Hi Vikash,
The error is coming from Parquet itself in conjunction with Avro (which is
used to infer the schema of your scala class). The inferred schema is
{
"fields": [
{
"name": "level",
"type": "string"
},
{
"name": "time_stamp",
"type": {
"fields": [],
"name": "Option",
"namespace": "scala",
"type": "record"
}
}
],
"name": "Log",
"namespace": "org.apache.flink.formats.parquet.avro",
"type": "record"
}
As you can see, Avro infers your schema, such that Option is treated as an
arbitrary class. Since it doesn't have any fields, you receive your error
from Parquet though.
I don't see an easy fix for it, but you can probably search for solutions
with Avro's ReflectData and scala.Option. As a workaround, you can refrain
from using an Option field, and go with a nullable field (you can translate
it into Option with a fancy getter).
In general, if you want to have more control over the schema, I'd suggest
to go schema first: Define your Avro schema and use avro-hugger to generate
the corresponding Scala class. In that way, Option is properly supported.
Best,
Arvid
On Wed, Aug 12, 2020 at 2:43 AM Vikash Dat <[email protected]> wrote:
> I have defined a streaming file sink for parquet to store my scala case
> class.
>
> StreamingFileSink
>
> .*forBulkFormat(*
>
> new Path*(*appArgs.datalakeBucket*)*,
>
> ParquetAvroWriters
>
> .*forReflectRecord(classOf[*Log*])*
>
> * )*
>
> .withBucketAssigner*(*new TransactionLogHiveBucketAssigner*())*
>
> .build*()*
>
>
> where my class class is
>
> Log(
>
> level: String,
>
> time_stamp: Option[Long] = None
>
> )
>
>
> When Flink tries to write a specific instance to parquet
>
>
> Log("info",Some(1596975950000))
>
>
> it throws the following error:
>
>
> org.apache.parquet.schema.InvalidSchemaException: Cannot write a schema
> with an empty group: required group time_stamp {
> }
> at org.apache.parquet.schema.TypeUtil$1.visit(TypeUtil.java:27)

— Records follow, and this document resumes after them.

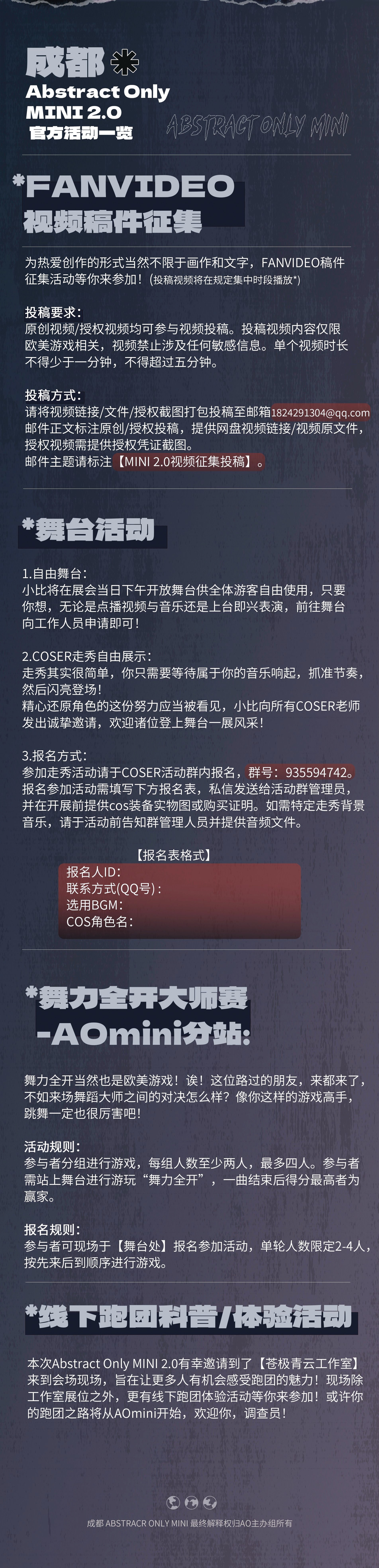 Abstract Only MINI 是每场限定主题的小型欧美同人二创文化交流展会。Abstract Only MINI 2.0是欧美西方文化背景下创作的游戏作品/游戏延伸作品的女性向创作沟通交流活动。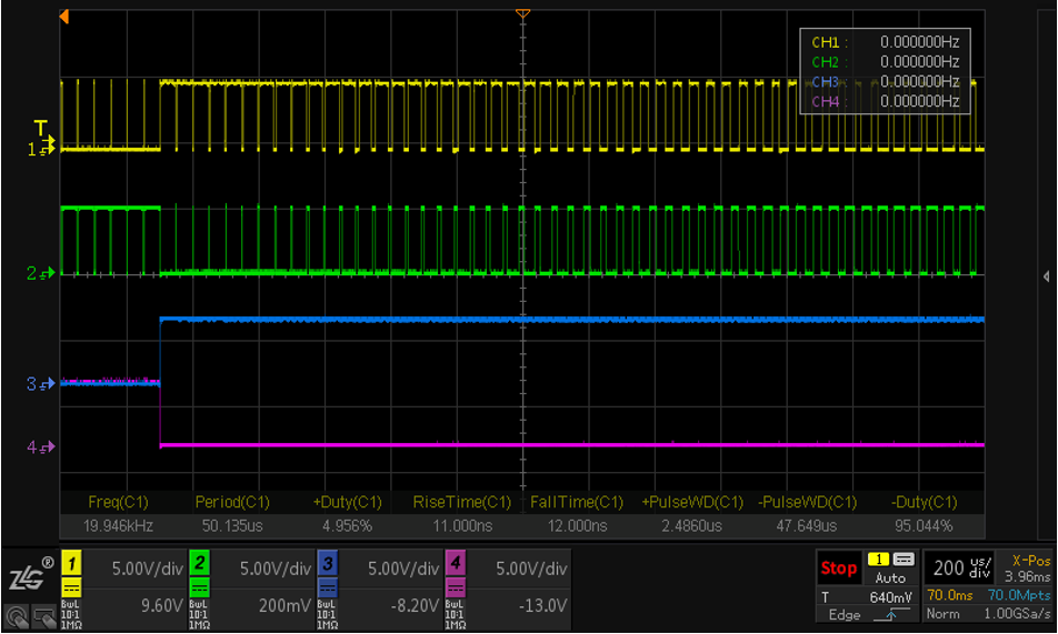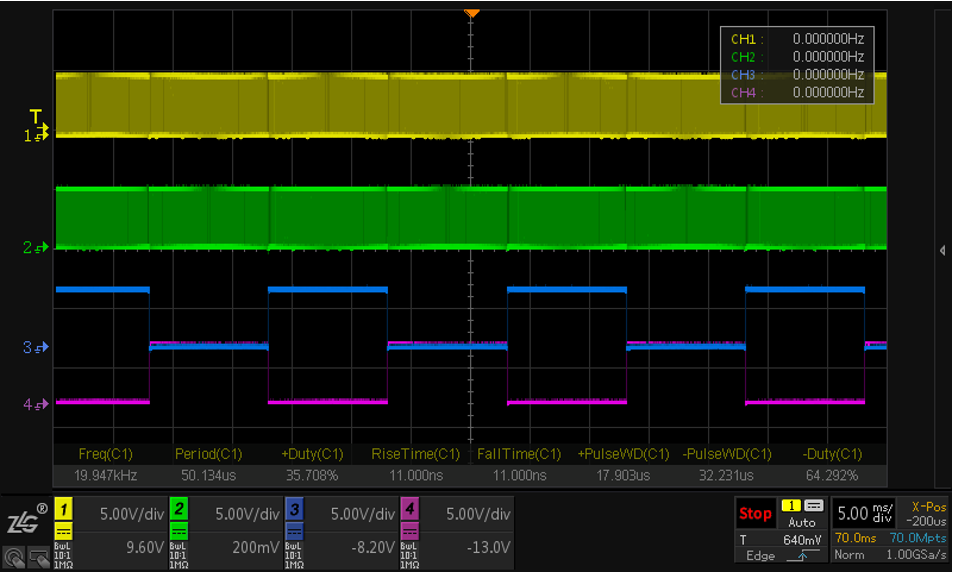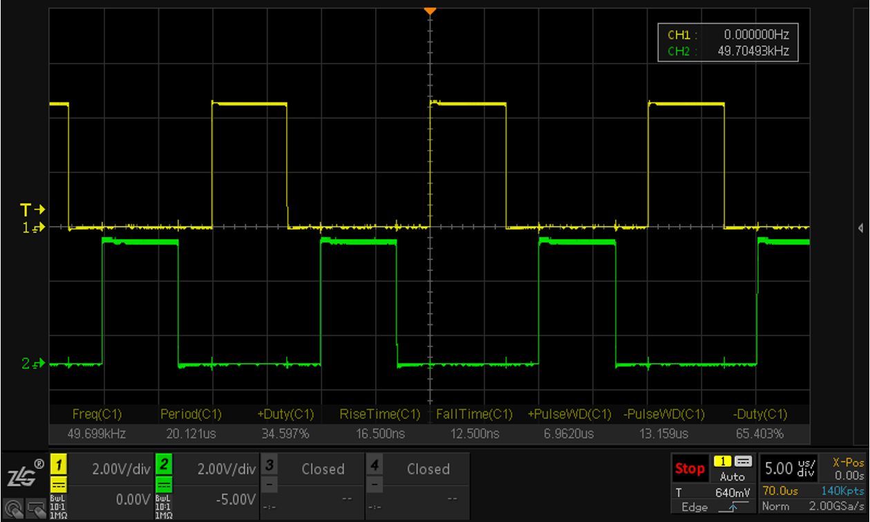 電路使用兩個開關管N2和N4,兩個開關管在外部激勵方波信號的控制下交替導通和截至,在變壓器T1次級繞組得到方波電壓,12V輸入經整流濾波得到約350V的直流電壓,驅動信號如下圖。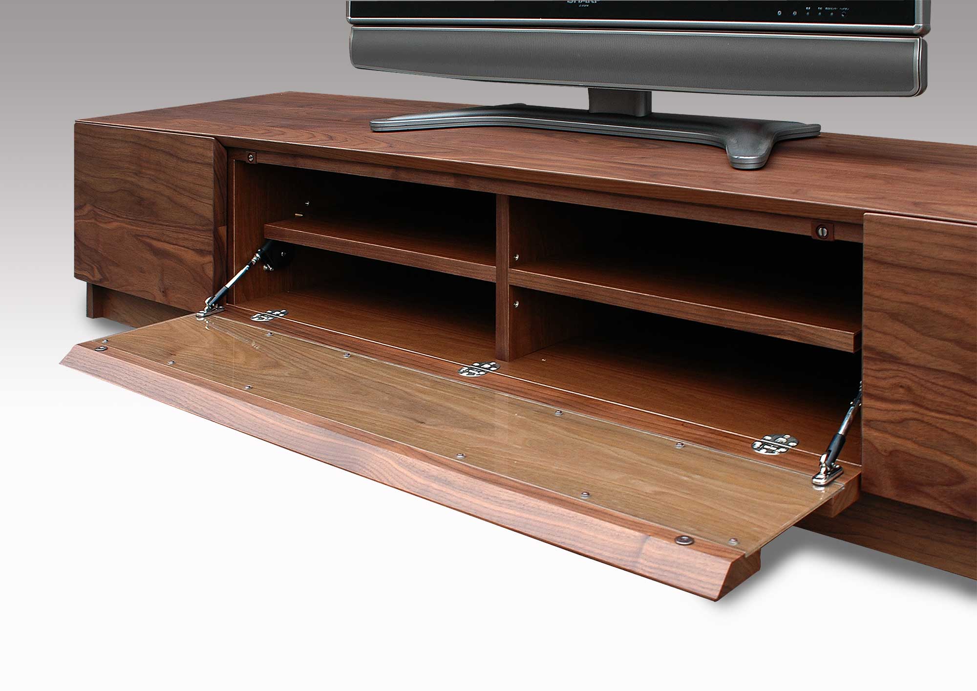 デッキ収納部分の扉は、ガラスにウォールナット材を加工していますので扉を閉めたままでもリモコン操作をすることが可能です。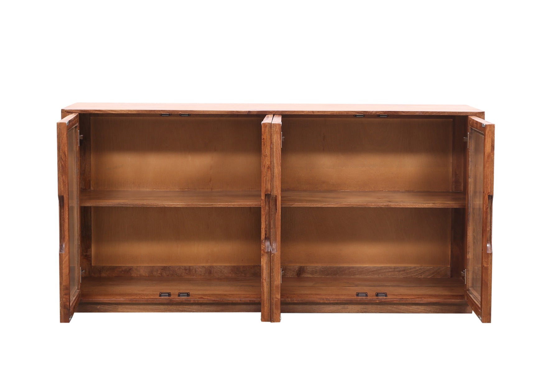 The Breton Glass 4-Door Sideboard brings timeless elegance to any space. Crafted from solid wood with a distressed walnut finish, this piece seamlessly blends modern sensibilities with traditional design. Four glass-fronted doors showcase your finest dishware and décor while keeping everything organized and dust-free. The sturdy construction and refined aesthetic make it a statement piece that elevates your home's sophistication for years to come.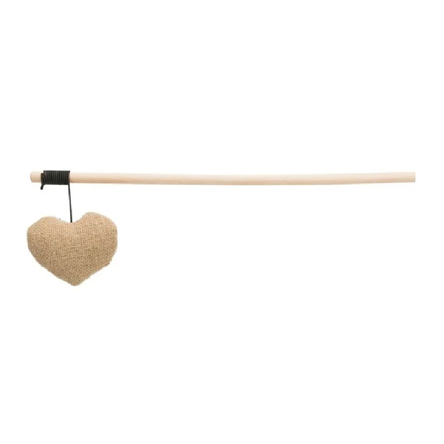 Cette canne à pêche avec un coeur en toile de jute et à petits motifs colorés fantaisie, sera un jeux attractif pour votre matou. Elle contient de l’herbe à chat pour offrir un bon moment, à la fois euphorisant, puis relaxant par la suite. Le coeur est en matière bruissante/craquante, ce qui inspirera l’instinct de chasse du chat, permettant ainsi un jeu ludique.

> at org.apache.parquet.schema.GroupType.accept(GroupType.java:255)
> at org.apache.parquet.schema.TypeUtil$1.visit(TypeUtil.java:31)
> at org.apache.parquet.schema.TypeUtil$1.visit(TypeUtil.java:37)
> at org.apache.parquet.schema.MessageType.accept(MessageType.java:55)
> at org.apache.parquet.schema.TypeUtil.checkValidWriteSchema(TypeUtil
> .java:23)
> at org.apache.parquet.hadoop.ParquetFileWriter.<init>(
> ParquetFileWriter.java:280)
> at org.apache.parquet.hadoop.ParquetWriter.<init>(ParquetWriter.java:
> 283)
> at org.apache.parquet.hadoop.ParquetWriter$Builder.build(ParquetWriter
> .java:564)
> at org.apache.flink.formats.parquet.avro.ParquetAvroWriters
> .createAvroParquetWriter(ParquetAvroWriters.java:87)
> at org.apache.flink.formats.parquet.avro.ParquetAvroWriters
> .lambda$forReflectRecord$3c375096$1(ParquetAvroWriters.java:73)
> at org.apache.flink.formats.parquet.ParquetWriterFactory.create(
> ParquetWriterFactory.java:57)
> at org.apache.flink.streaming.api.functions.sink.filesystem.
> BulkPartWriter$Factory.openNew(BulkPartWriter.java:103)
> at org.apache.flink.streaming.api.functions.sink.filesystem.Bucket
> .rollPartFile(Bucket.java:222)
> at org.apache.flink.streaming.api.functions.sink.filesystem.Bucket
> .write(Bucket.java:212)
> at org.apache.flink.streaming.api.functions.sink.filesystem.Buckets
> .onElement(Buckets.java:274)
> at org.apache.flink.streaming.api.functions.sink.filesystem.
> StreamingFileSink.invoke(StreamingFileSink.java:445)
> at org.apache.flink.streaming.api.operators.StreamSink.processElement(
> StreamSink.java:56)
> at org.apache.flink.streaming.runtime.tasks.
> OperatorChain$CopyingChainingOutput.pushToOperator(OperatorChain.java:641)
> at org.apache.flink.streaming.runtime.tasks.
> OperatorChain$CopyingChainingOutput.collect(OperatorChain.java:616)
> at org.apache.flink.streaming.runtime.tasks.
> OperatorChain$CopyingChainingOutput.collect(OperatorChain.java:596)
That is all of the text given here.